Last Friday we had a girl's night out. The funny part about that statement is that it's girl's day in or night out with us all the time since it's just the two of us. We went to the winter carnival in Saint Paul. Some of the medical staff had told us about this and suggested checking it out. They have a bunch of ice sculptures on display, live music, some booths, and ice towers. We walked around for a little in the freezing cold and got some pictures. Rima was all about the Ice. She also was all about the wacky waving inflatable tube men. After the carnival, we went to get a cocktail at a speakeasy in Minneapolis. A little treat never hurt anyone.
On Monday Rima had pulmonary rehab and then that night we had a little dinner party.

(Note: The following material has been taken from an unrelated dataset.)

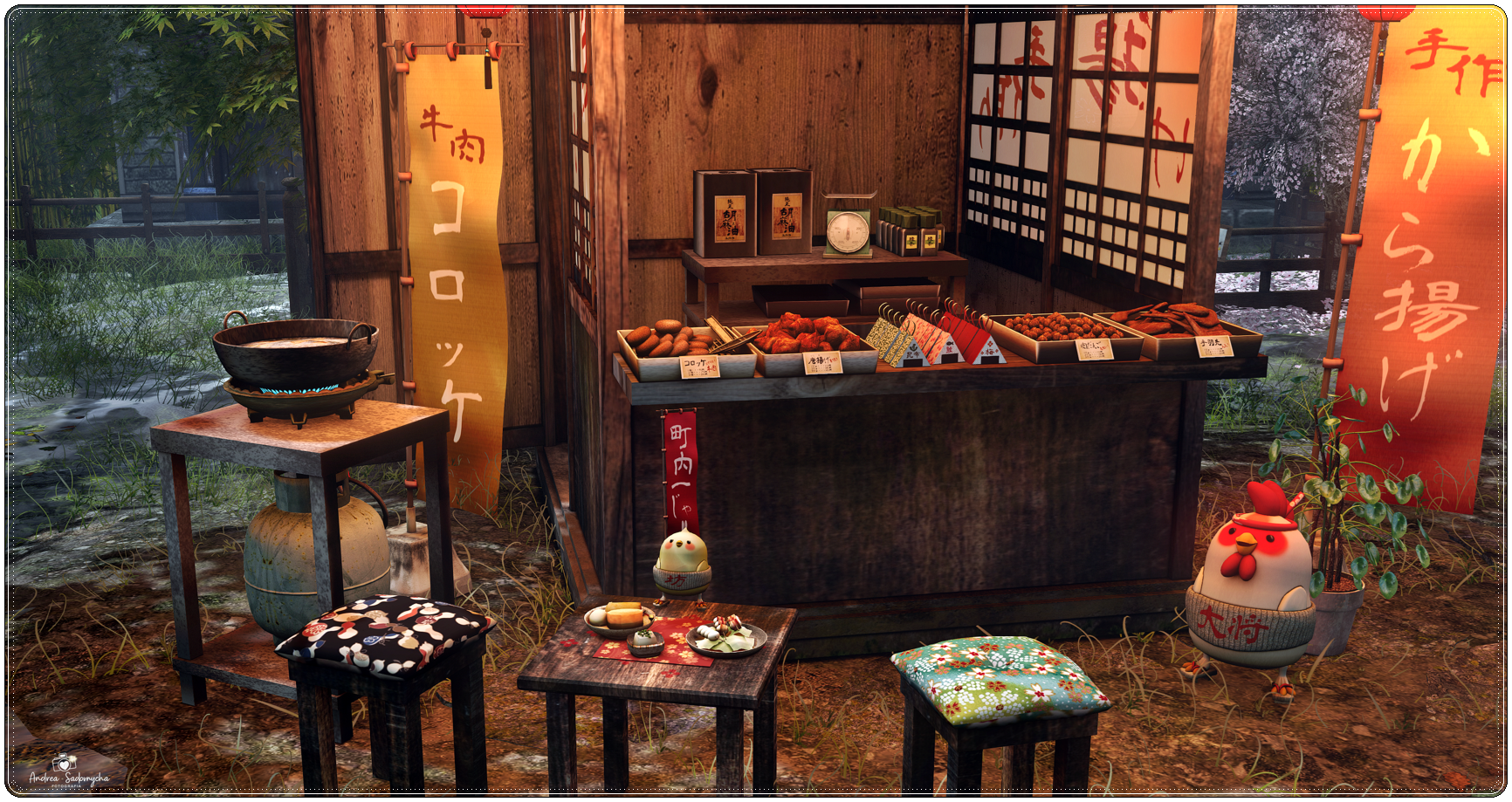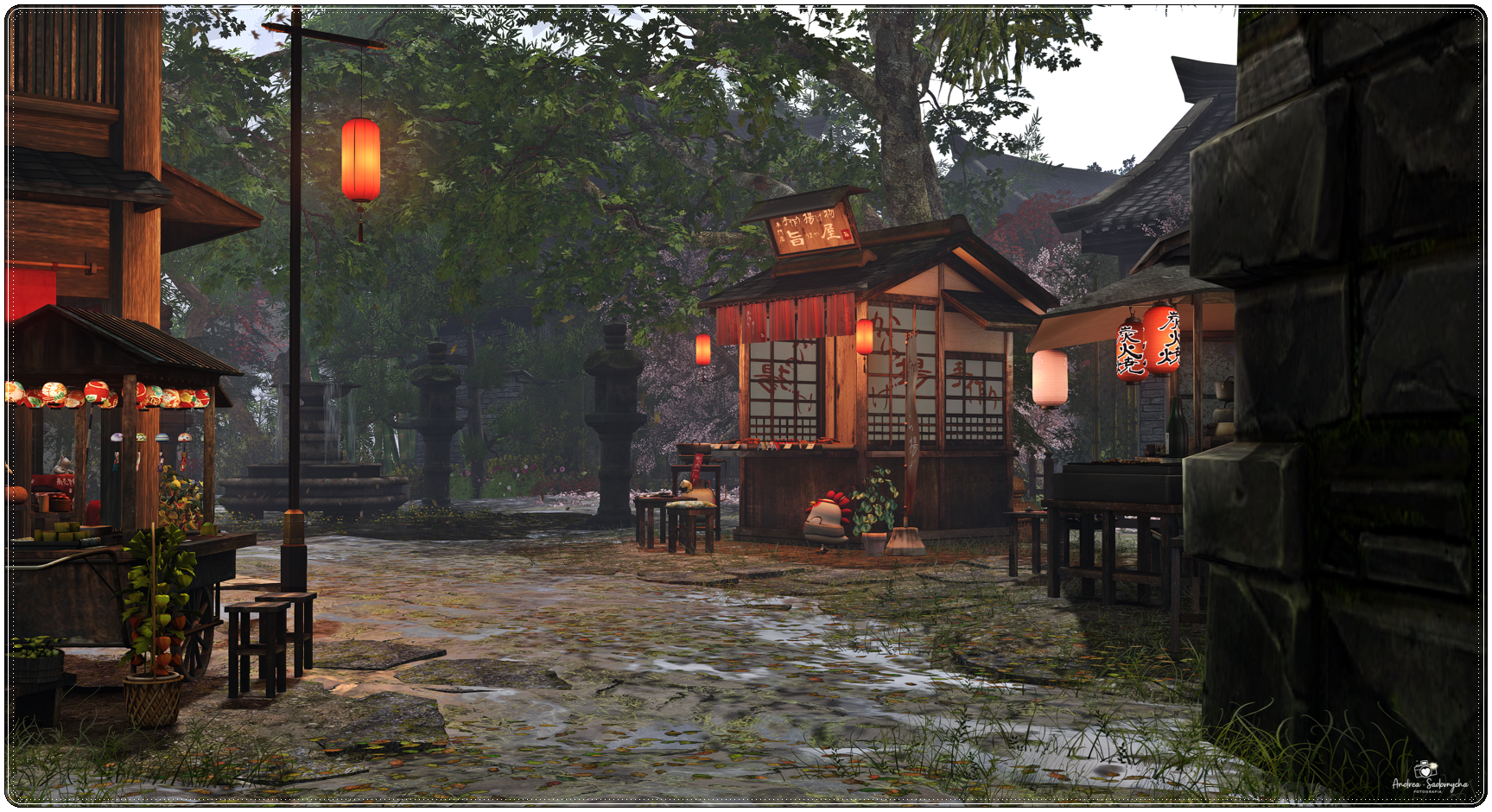 Detalhes como lanternas, vegetação densa e elementos decorativos reforçam a identidade do lugar e ampliam a sensação de imersão. Além de um restaurante para descansar e interagir com RP.

My friend Kim and our new friend Tessie came over for dinner. Tessie is a masseuse and had given Rima a massage at the hospital once before. Lucky enough a second massage was on the agenda for Rima that night. After Rima's relaxing massage we had dinner. Asian themed night! Who doesn't love a good spring roll and some noodles?
The big adventure for us was Thursday night. We drove to Stillwater, which is about 45 minutes east to go visit the Ice Castles. We have never been to anything like this before. It was pretty incredible. A pretty large area next to the Saint Croix River had been transformed into a magical ice land. I felt as if we were in Antarctica at times. All they need is some penguins running around. We timed it so that we got to see the ice mounds at dusk and at night when they are all lit up. It got crowded later on but we got there early enough to get some really cool pictures. If we ever go again, which is likely, we agreed wearing warmer socks is key. Both of us brought winter boots but forgot to bring appropriate sock wear...oops!